Images do not belong in the copy. Set down all the entries exactly.

Records contained in a dataset
....

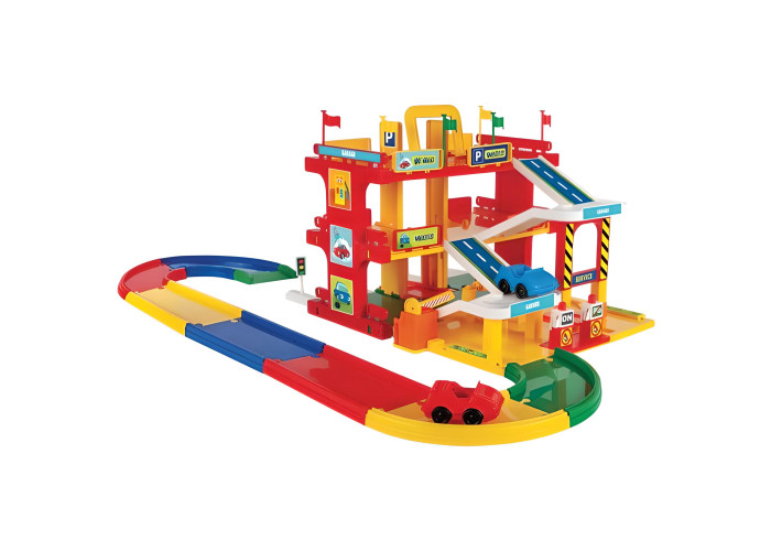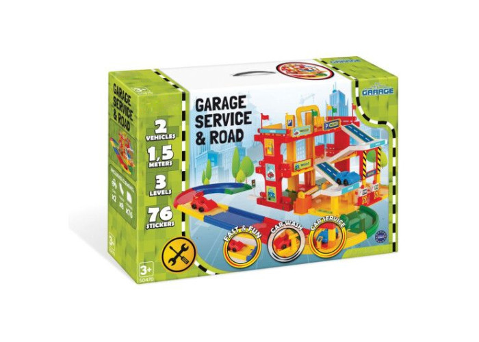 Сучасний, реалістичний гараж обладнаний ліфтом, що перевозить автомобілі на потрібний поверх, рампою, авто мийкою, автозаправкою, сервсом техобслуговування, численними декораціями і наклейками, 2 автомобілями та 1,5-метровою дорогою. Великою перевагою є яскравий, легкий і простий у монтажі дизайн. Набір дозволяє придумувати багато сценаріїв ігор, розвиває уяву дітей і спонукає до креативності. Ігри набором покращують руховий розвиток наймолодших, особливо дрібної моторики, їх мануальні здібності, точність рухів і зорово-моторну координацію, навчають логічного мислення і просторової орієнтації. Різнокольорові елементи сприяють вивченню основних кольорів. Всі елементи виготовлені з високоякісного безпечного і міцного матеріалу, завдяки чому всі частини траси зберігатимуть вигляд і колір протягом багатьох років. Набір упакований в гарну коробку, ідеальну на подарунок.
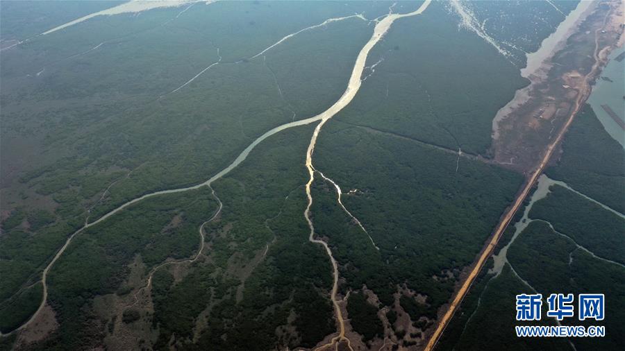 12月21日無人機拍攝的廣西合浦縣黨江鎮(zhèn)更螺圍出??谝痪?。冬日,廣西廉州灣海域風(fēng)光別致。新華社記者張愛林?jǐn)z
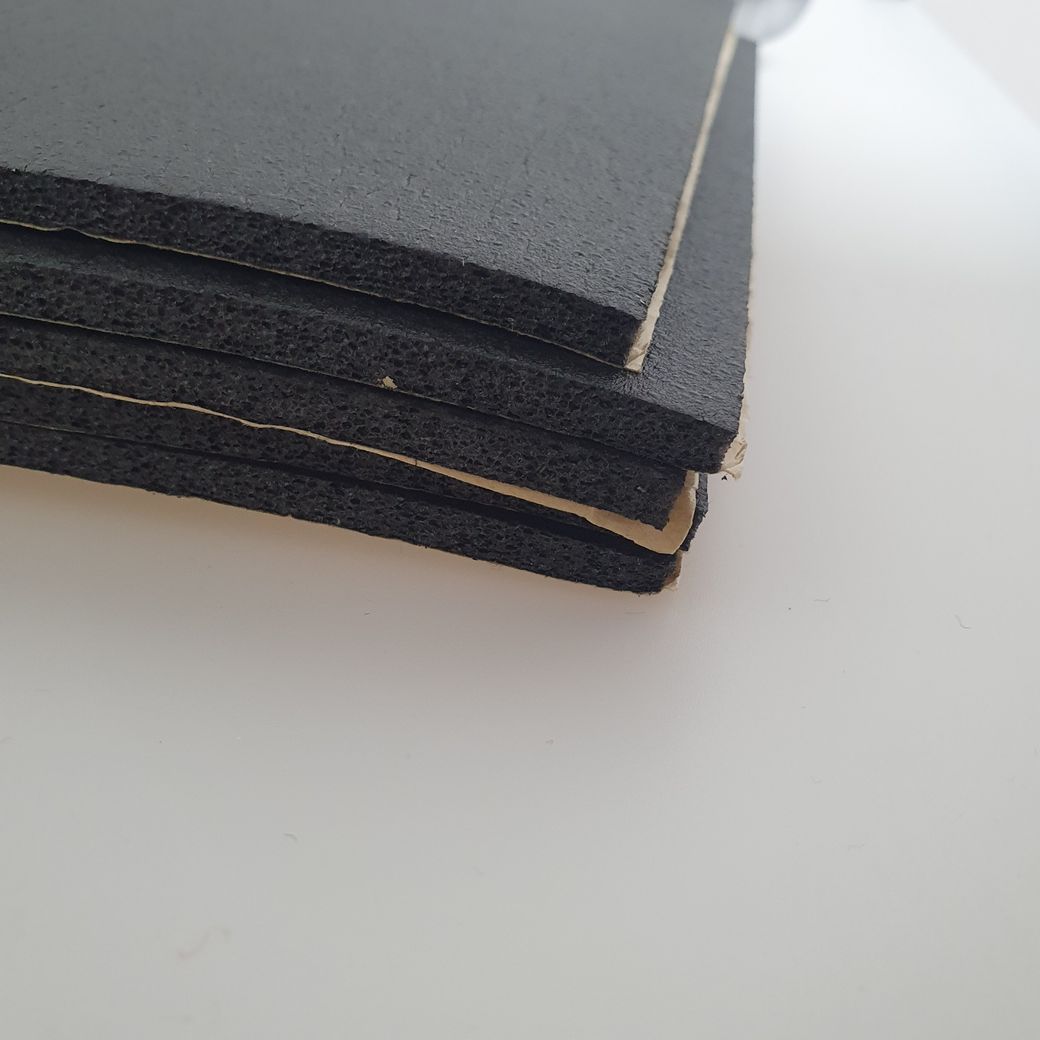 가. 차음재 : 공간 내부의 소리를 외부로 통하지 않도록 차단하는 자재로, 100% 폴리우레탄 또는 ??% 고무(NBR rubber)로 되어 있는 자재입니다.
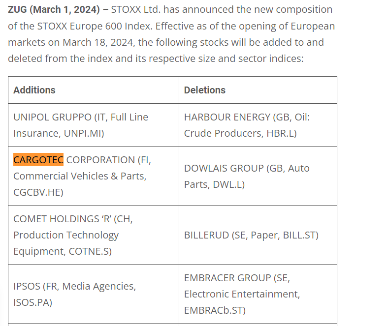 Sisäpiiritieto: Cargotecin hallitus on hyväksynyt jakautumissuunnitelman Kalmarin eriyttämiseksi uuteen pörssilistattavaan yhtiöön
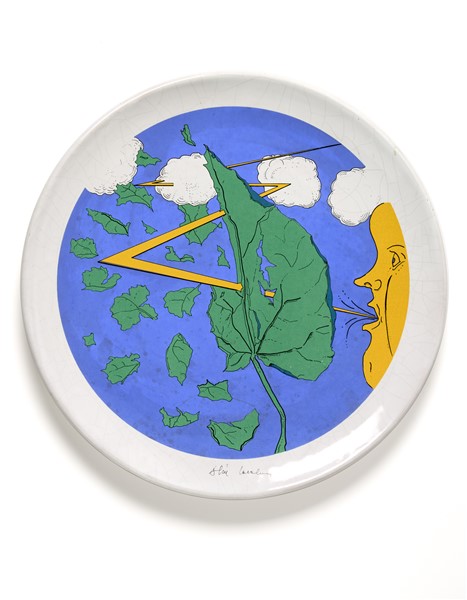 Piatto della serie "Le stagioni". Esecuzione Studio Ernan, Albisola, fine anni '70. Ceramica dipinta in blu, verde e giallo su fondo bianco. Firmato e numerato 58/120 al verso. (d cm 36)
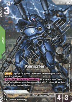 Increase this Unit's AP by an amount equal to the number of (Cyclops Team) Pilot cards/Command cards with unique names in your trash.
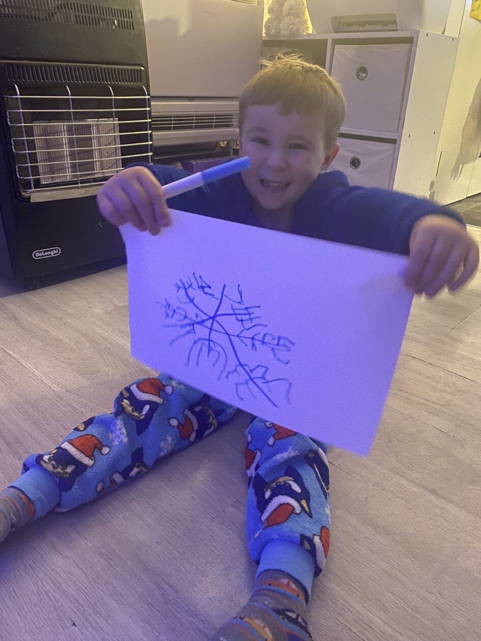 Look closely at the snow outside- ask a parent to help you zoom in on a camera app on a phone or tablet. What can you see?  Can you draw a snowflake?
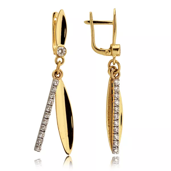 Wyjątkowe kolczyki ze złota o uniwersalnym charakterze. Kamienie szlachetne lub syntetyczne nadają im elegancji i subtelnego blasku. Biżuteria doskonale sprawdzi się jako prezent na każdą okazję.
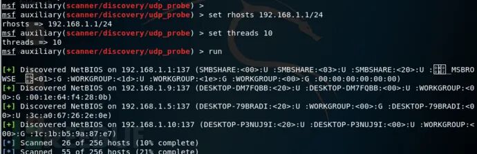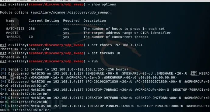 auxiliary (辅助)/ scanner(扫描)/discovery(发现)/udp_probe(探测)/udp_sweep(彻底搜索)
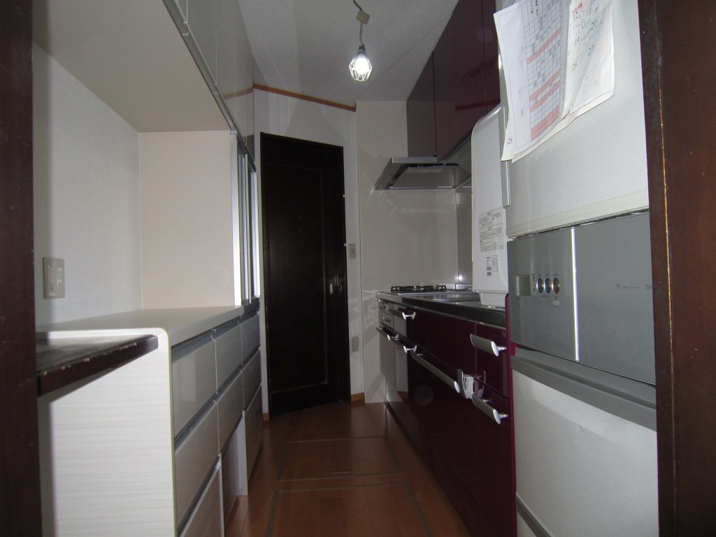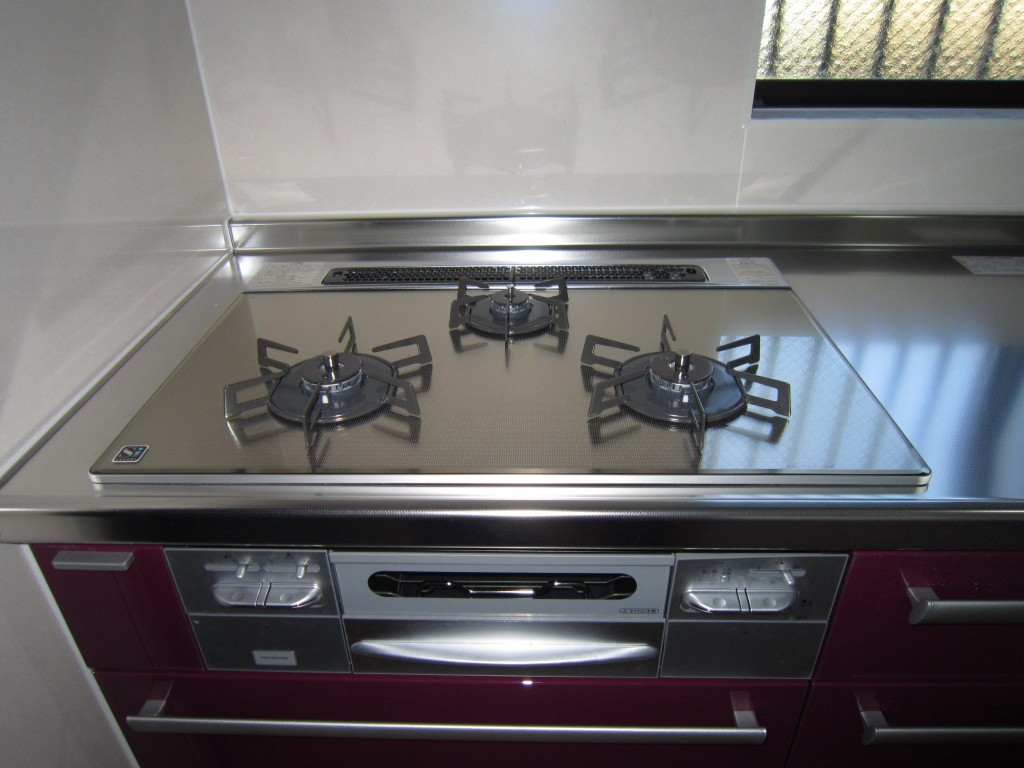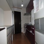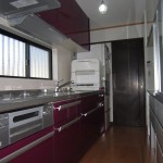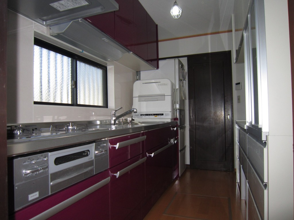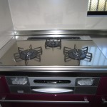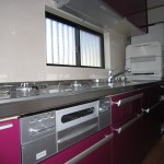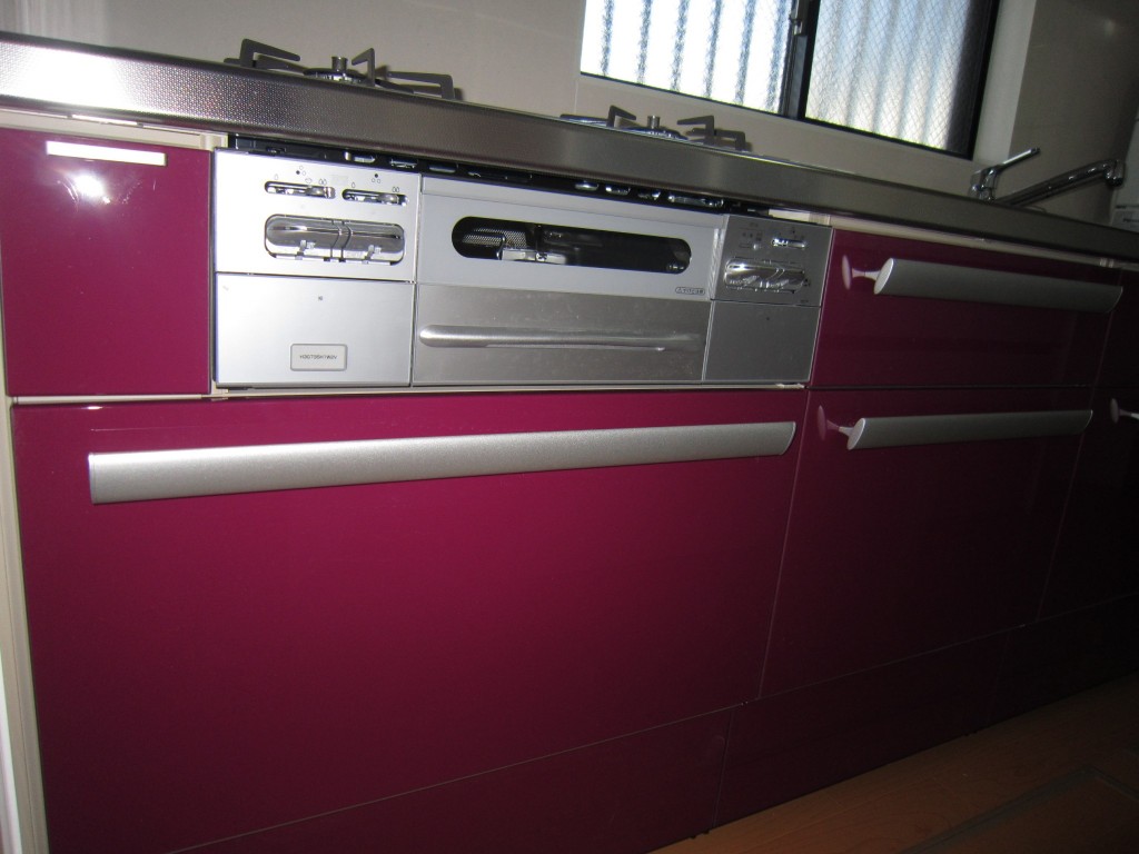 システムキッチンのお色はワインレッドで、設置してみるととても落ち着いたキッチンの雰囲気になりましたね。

....

> **Solution for this exercise**:
 Сучасний, реалістичний гараж обладнаний ліфтом, що перевозить автомобілі на потрібний поверх, рампою, авто мийкою, автозаправкою, сервсом техобслуговування, численними декораціями і наклейками, 2 автомобілями та 1,5-метровою дорогою. Великою перевагою є яскравий, легкий і простий у монтажі дизайн. Набір дозволяє придумувати багато сценаріїв ігор, розвиває уяву дітей і спонукає до креативності. Ігри набором покращують руховий розвиток наймолодших, особливо дрібної моторики, їх мануальні здібності, точність рухів і зорово-моторну координацію, навчають логічного мислення і просторової орієнтації. Різнокольорові елементи сприяють вивченню основних кольорів. Всі елементи виготовлені з високоякісного безпечного і міцного матеріалу, завдяки чому всі частини траси зберігатимуть вигляд і колір протягом багатьох років. Набір упакований в гарну коробку, ідеальну на подарунок.
 12月21日無人機拍攝的廣西合浦縣黨江鎮(zhèn)更螺圍出??谝痪?。冬日,廣西廉州灣海域風(fēng)光別致。新華社記者張愛林?jǐn)z
 가. 차음재 : 공간 내부의 소리를 외부로 통하지 않도록 차단하는 자재로, 100% 폴리우레탄 또는 ??% 고무(NBR rubber)로 되어 있는 자재입니다.
 Sisäpiiritieto: Cargotecin hallitus on hyväksynyt jakautumissuunnitelman Kalmarin eriyttämiseksi uuteen pörssilistattavaan yhtiöön
 Piatto della serie "Le stagioni". Esecuzione Studio Ernan, Albisola, fine anni '70. Ceramica dipinta in blu, verde e giallo su fondo bianco. Firmato e numerato 58/120 al verso. (d cm 36)
 Increase this Unit's AP by an amount equal to the number of (Cyclops Team) Pilot cards/Command cards with unique names in your trash.
 Look closely at the snow outside- ask a parent to help you zoom in on a camera app on a phone or tablet. What can you see?  Can you draw a snowflake?
 Wyjątkowe kolczyki ze złota o uniwersalnym charakterze. Kamienie szlachetne lub syntetyczne nadają im elegancji i subtelnego blasku. Biżuteria doskonale sprawdzi się jako prezent na każdą okazję.
 auxiliary (辅助)/ scanner(扫描)/discovery(发现)/udp_probe(探测)/udp_sweep(彻底搜索)
 システムキッチンのお色はワインレッドで、設置してみるととても落ち着いたキッチンの雰囲気になりましたね。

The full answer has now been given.